FUCK! FUCK! FUCK!
by
Vandemonium1
Edited by CreativityTakesCourage
This one is another shorty, around 3,000 words with no sex.
My thanks to CTC, once again, for the edit.
I still hear people saying that all the new discovery methods are gone. I beg to differ.
++++++
FUCK! FUCK! FUCK! How does he know? How did Dave find out? My marriage is toast, I just know it. The courts will judge Dave to be the primary caregiver of our kids, he'll be awarded custody. I'll be a social pariah, shunned by just about everyone in this church-going community. Forgiven by the priest with the soft words but the judging expression. Just like he did with Mary Skelton. She only lasted about three months after her husband discovered her affair. Three lonely months of being shunned by the rest of the community, despite what the priest had urged. This community really hates cheating spouses of both breeds.
I slammed on the brakes and screeched to a halt, stopping two scant metres from hitting a little girl who had run onto the road chasing a ball. She looked to be about three, about the same as my Paula. I was driving too fast, too preoccupied by my huge problem. The child's mother frowned at me from the kerb, even though it was her fucking fault for not supervising her kid better. I looked around and saw I was near the big park, five minutes from home. I suppressed my fears, drove with shaking hands another 200m and pulled over before I hit someone in my distraction.
How could Dave possibly think... No, that's stupid. Once Dave discovered I was having an affair it's only logical he'd think ill of me and want to cover his bases. He might run a dinky little editorial service from home but that doesn't mean he's stupid. Far from it. Once he found out, of course he WOULD think it wasn't my first and get the kids DNA tested.
But how the fuck did he find out? Carl and I have been so careful.
Thoughts of Carl reminded me. I picked up my phone and navigated to 'Carla', if Dave ever asked, a recently started work colleague. Stick as close to the truth as possible was my motto. My text,
'Can you talk'?
While waiting for a reply I continued to kick myself.
Why, oh why, did I let that smooth talking little fucker seduce me? No, no, now come on, be honest, that's not fair. Why we slept together the first time wasn't seduction and is perfectly explainable.
It happened while we were out of town. We'd just spent two whole days negotiating an exhausting deal, celebrated with too many champagnes and fallen into bed together.
If I had stopped there it would have been fine. I would have a secret that I would rue to my final day. A grave secret that could only hurt my husband and family. But I, or should I say, we, didn't.

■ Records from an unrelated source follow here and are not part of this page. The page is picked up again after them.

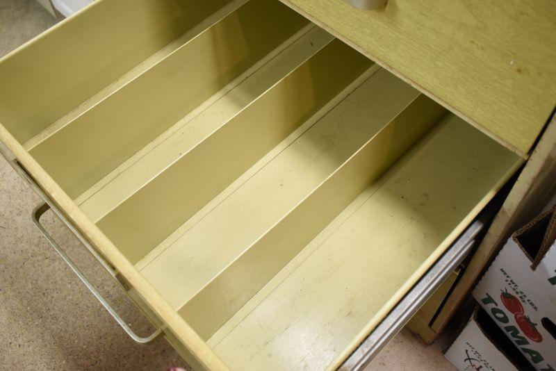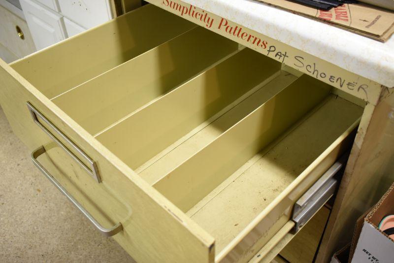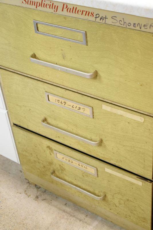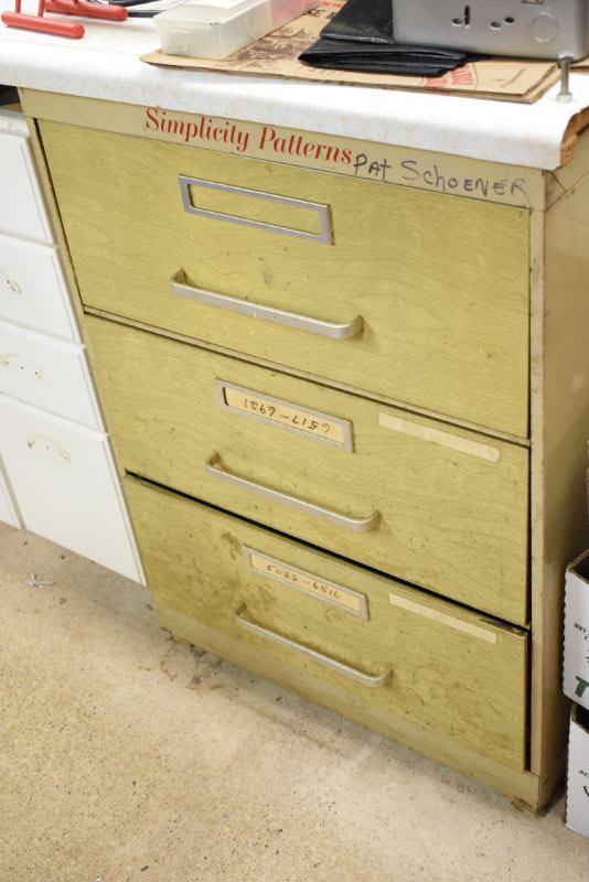 Simplicity Patterns file cabinet. 27x25x37. Well used. Bring help to move. Located in basement, with steep and narrow cement steps going down, with a sharp turn at bottom.
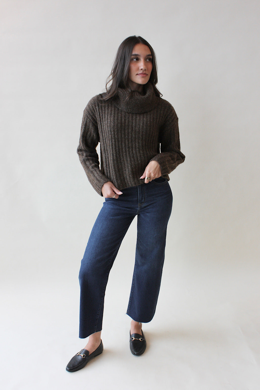This bestselling style is Daze's tried and true high rise wide ankle in a rich indigo. Constructed from our Hug fabric, this jean is flexible enough to hug your body, yet heavy enough to cinch you in.
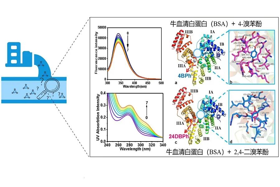 采用荧光光谱法、紫外可见光谱法和分子对接法研究两种溴代芳香族DBPs(4BPh和24DBPh)分别与BSA的相互作用,对荧光猝灭机制、相互作用力、结合位点等进行深入探究;
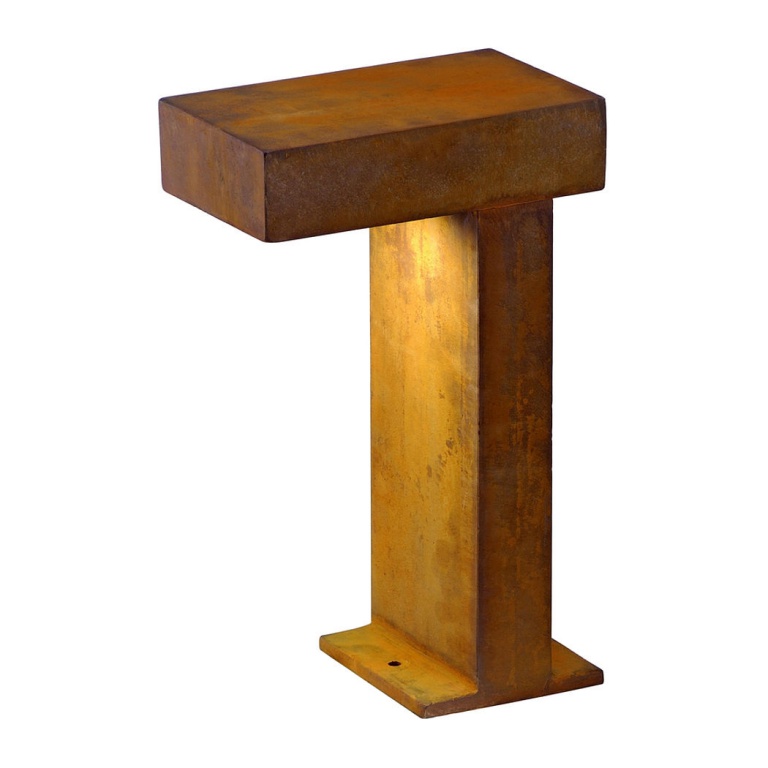 Colour: rust-brownMaterial: FeCSi-steelRemark 1: Mounting set includedWay of mounting: surface floor mountingRemark 2: Each luminaire is uniqueSuitable for lamps from EEC: BSuitable for lamps up to EEC: A++Light distribution type 1: directHeight: 40 cmLength: 25 cmWidth: 15 cmRemark 3: Energy labels in your language are available in the Service Area sub point Download« hide more
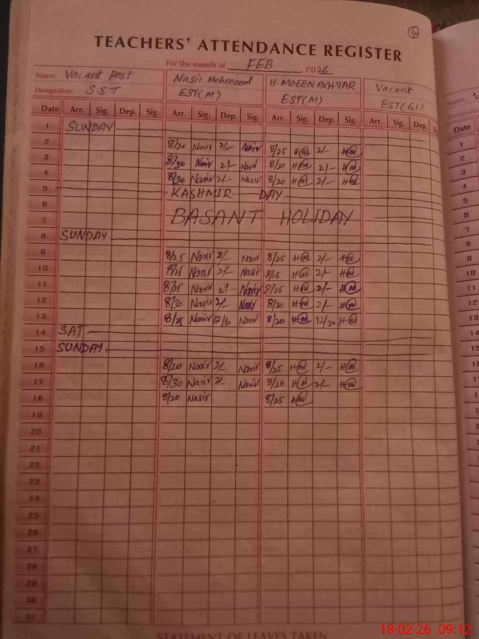 | No. of Students Present - Female | 0 | 0 | 0 | 0 | 0 | 0 | 0 | 0 | 0 | 0 | 0 | |||||
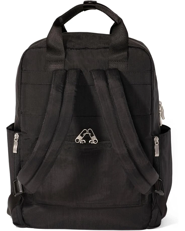 - Upgrade your daily routine carrying the Baggallini® Commuter Laptop Backpack, crafted from durable nylon with a chic, grown-up design. Stay effortlessly organized with two spacious compartments, thirteen smartly placed pockets, a padded laptop pocket, a tablet sleeve, and a scratch-resistant phone pocket. The interior privacy pocket keeps essentials secure, while the top carry handle and built-in luggage sleeve ensure travel ease. Perfect for workdays or getaways, this stylish backpack blends functionality with sophistication, safeguarding your gadgets and accessories while keeping everything within reach.
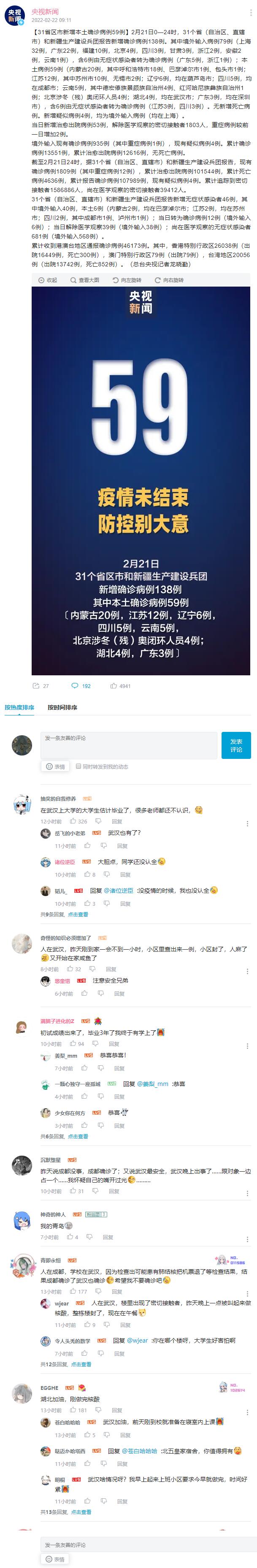 【31省区市新增本土确诊病例59例】2月21日0—24时,31个省(自治区、直辖市)和新疆生产建设兵团报告新增确诊病例138例。其中境外输入病例79例(上海32例,广东22例,福建10例,北京4例,四川3例,甘肃3例,浙江2例,安徽2例,云南1例),含6例由无症状感染者转为确诊病例(广东5例,浙江1例);本土病例59例(内蒙古20例,其中呼和浩特市18例、巴彦淖尔市1例、包头市1例;江苏12例,其中苏州市10例、无锡市2例;辽宁6例,均在葫芦岛市;四川5例,均在成都市;云南5例,其中德宏傣族景颇族自治州4例、红河哈尼族彝族自治州1例;北京涉冬(残)奥闭环人员4例;湖北4例,均在武汉市;广东3例,均在深圳市),含6例由无症状感染者转为确诊病例(江苏3例,四川3例)。无新增死亡病例。新增疑似病例4例,均为境外输入病例(均在上海)。
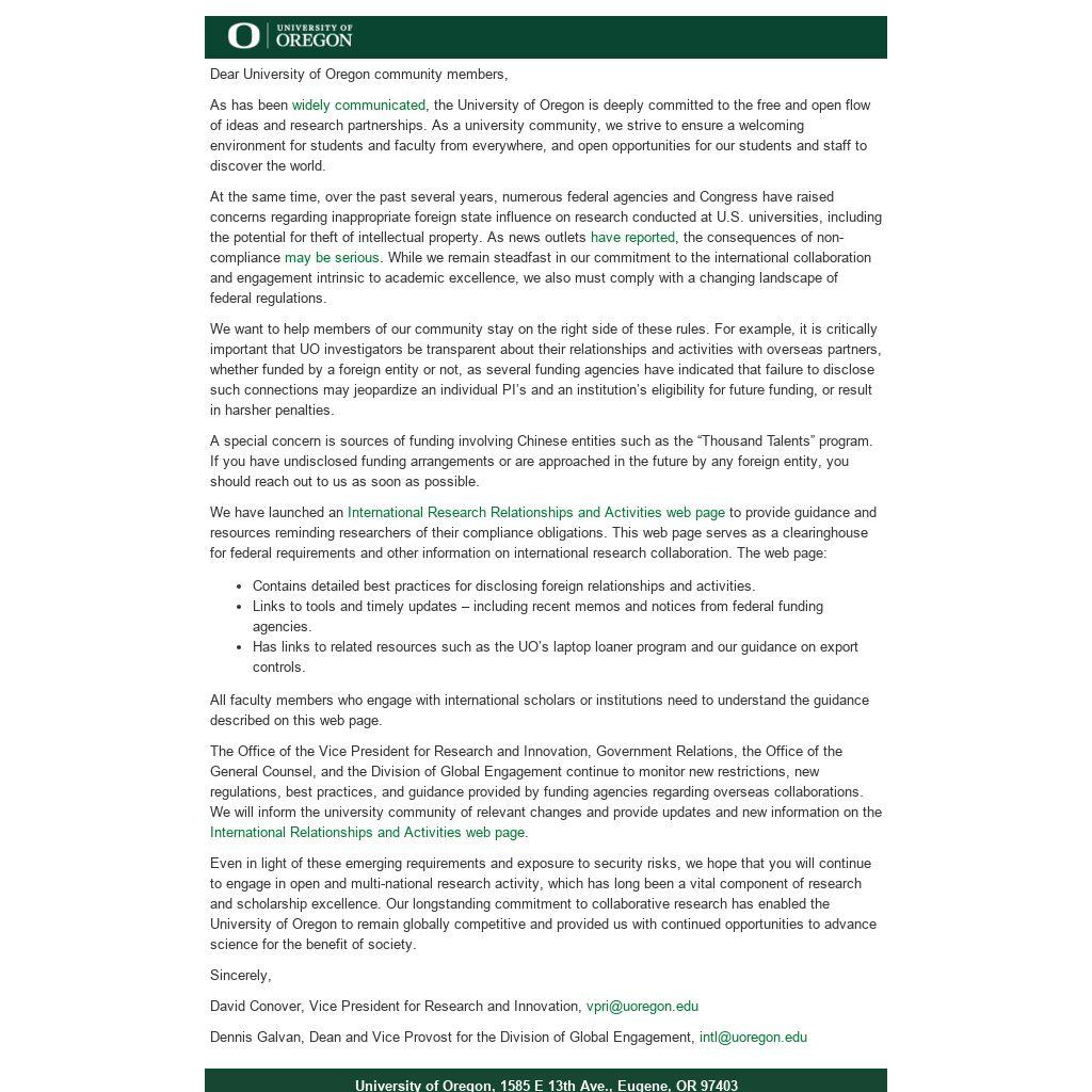 Even in light of these emerging requirements and exposure to security risks, we hope that you will continue to engage in open and multi-national research activity, which has long been a vital component of research and scholarship excellence. Our longstanding commitment to collaborative research has enabled the University of Oregon to remain globally competitive and provided us with continued opportunities to advance science for the benefit of society.
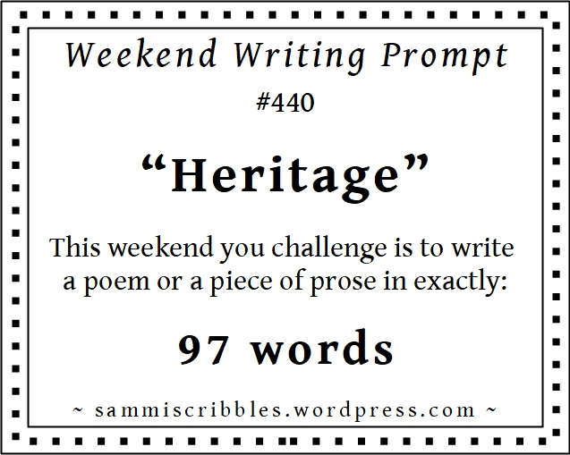 Weekend Writing Prompt #440: This weekend your challenge is to write a poem or a piece of prose in exactly 97 words using the word โHeritageโ.
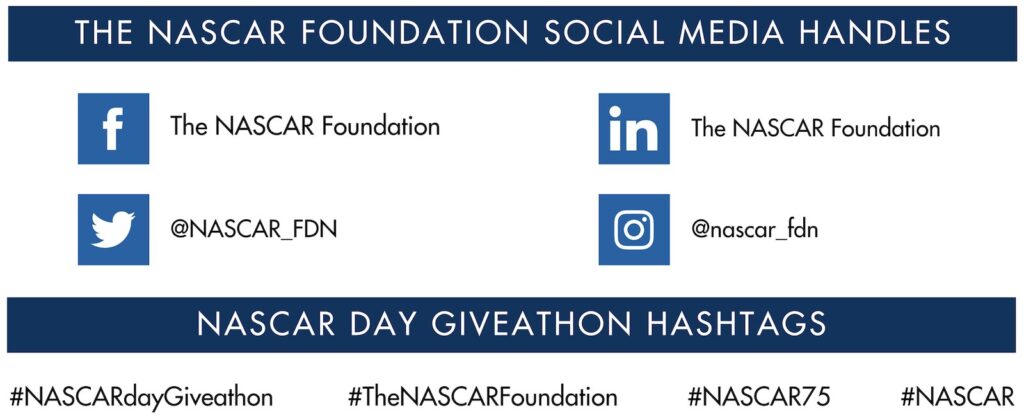 - Corporate Social Responsibility: Is there an internal cause that your company is passionate about? Streamline your donations to that cause or have your nonprofit partner sign up to participate in the NASCAR Day Giveathon. Your employees’ donations can also go directly to that nonprofit. Contact info@nascardaygiveathon.org to chat about how we can make it happen together.
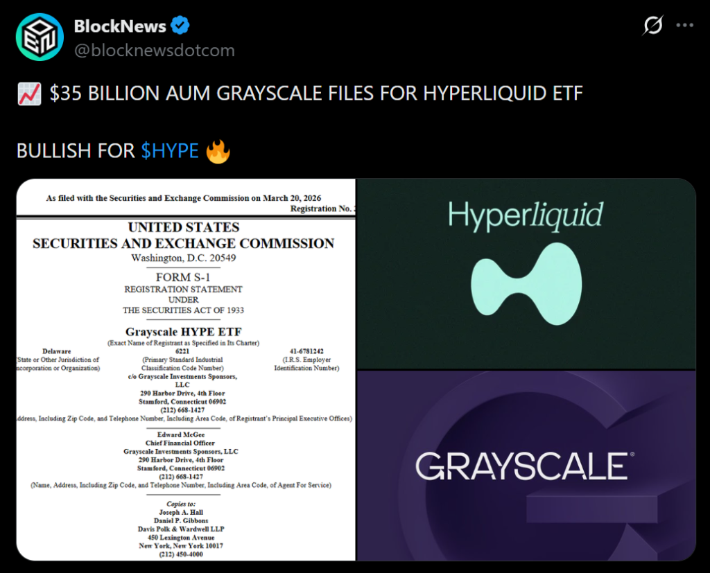 - Grayscale files for HYPE ETF tracking Hyperliquid token
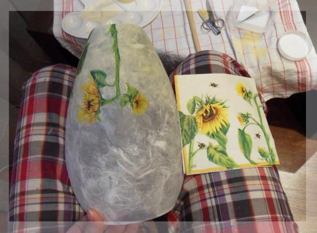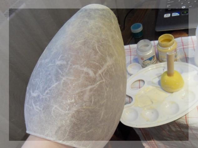 С помощью слегка смоченной губки и акриловых красок дополняем работу цветными тенями. Низ вазочки я сделала светло желтым, который плавно переходит к верху в белый.
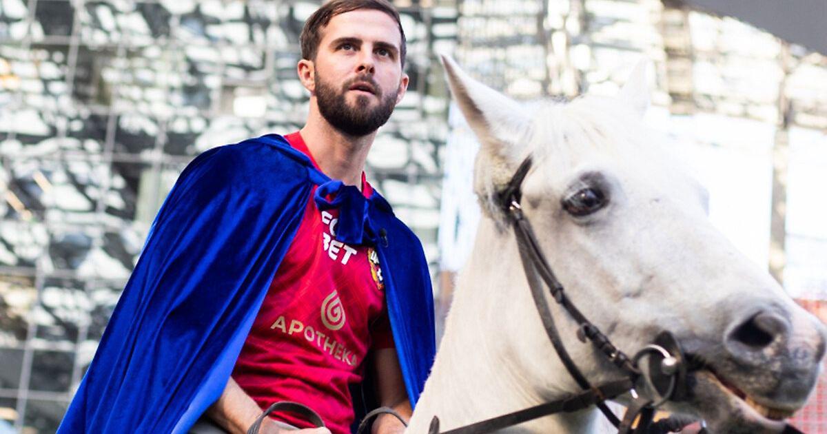 В видеоролике «Миралем Пьянич снова на коне» ЦСКА рассказал об игре футболиста за топ-клубы и показал его в плаще на белом коне.

We'd both been ensnared by the excitement of sleeping with someone different after 10+ year of marriage. The allure of the illicitness of it all, the thrill of the naughtiness of it. The superiority of knowing we were fooling our spouses, two people who knew us so well, and successfully hiding it.
Or not successfully hiding it as it turns out.
My thoughts were interrupted by the ding of a text from Carl. Finally.
'
No, having dinner with Mary and the kids. What's up?'
Well, misery loves company they say.
'He knows. Dave knows about us.'
How the fuck had Dave found out? We'd been incredibly careful. Only getting together when we were away and then only if we could get adjoining rooms. We never walked into the same room door together, always used condoms, even the first time. Made absolutely sure we behaved normally in public and when we were home with our respective spouses.
Ding.
'Fuck! Mary is acting normally so he hasn't told her. Do you think he will? How angry is he?'
'Dunno. We haven't spoken yet. I did a runner as soon as I discovered he knew.'
This time I didn't have to wait long for a reply.